To do → Line by line, reproduce exactly the beginning of the listing below, ending with the line that contains "Run Bourbon Turkey" and adding nothing.

Data supplied →
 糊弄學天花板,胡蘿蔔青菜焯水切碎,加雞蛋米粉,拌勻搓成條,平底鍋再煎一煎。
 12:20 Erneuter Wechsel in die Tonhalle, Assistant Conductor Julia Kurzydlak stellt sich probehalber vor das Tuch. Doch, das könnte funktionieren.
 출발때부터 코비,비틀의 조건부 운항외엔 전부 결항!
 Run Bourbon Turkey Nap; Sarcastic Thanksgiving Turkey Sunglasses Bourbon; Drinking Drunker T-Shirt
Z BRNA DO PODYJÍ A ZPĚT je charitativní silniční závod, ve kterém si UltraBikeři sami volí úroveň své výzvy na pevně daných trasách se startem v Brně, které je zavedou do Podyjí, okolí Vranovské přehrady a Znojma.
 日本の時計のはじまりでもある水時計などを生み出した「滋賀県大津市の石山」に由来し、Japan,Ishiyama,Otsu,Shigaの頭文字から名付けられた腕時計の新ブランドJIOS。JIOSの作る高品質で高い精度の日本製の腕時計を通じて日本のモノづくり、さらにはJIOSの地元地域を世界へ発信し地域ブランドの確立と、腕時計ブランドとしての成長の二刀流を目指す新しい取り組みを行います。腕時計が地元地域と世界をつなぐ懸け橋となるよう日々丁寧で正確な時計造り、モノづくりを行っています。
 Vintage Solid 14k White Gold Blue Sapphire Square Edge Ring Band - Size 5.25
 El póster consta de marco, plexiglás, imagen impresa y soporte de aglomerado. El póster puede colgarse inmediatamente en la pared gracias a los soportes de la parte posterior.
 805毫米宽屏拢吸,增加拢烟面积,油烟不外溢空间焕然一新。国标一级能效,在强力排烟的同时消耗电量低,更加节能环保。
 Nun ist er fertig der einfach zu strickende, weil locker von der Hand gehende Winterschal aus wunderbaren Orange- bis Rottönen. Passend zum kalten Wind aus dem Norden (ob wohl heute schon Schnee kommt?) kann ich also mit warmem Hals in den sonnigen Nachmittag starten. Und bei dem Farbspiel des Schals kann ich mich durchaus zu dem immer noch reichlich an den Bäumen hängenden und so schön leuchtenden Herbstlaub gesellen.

Written response →
 糊弄學天花板,胡蘿蔔青菜焯水切碎,加雞蛋米粉,拌勻搓成條,平底鍋再煎一煎。
 12:20 Erneuter Wechsel in die Tonhalle, Assistant Conductor Julia Kurzydlak stellt sich probehalber vor das Tuch. Doch, das könnte funktionieren.
 출발때부터 코비,비틀의 조건부 운항외엔 전부 결항!
 Run Bourbon Turkey Nap; Sarcastic Thanksgiving Turkey Sunglasses Bourbon; Drinking Drunker T-Shirt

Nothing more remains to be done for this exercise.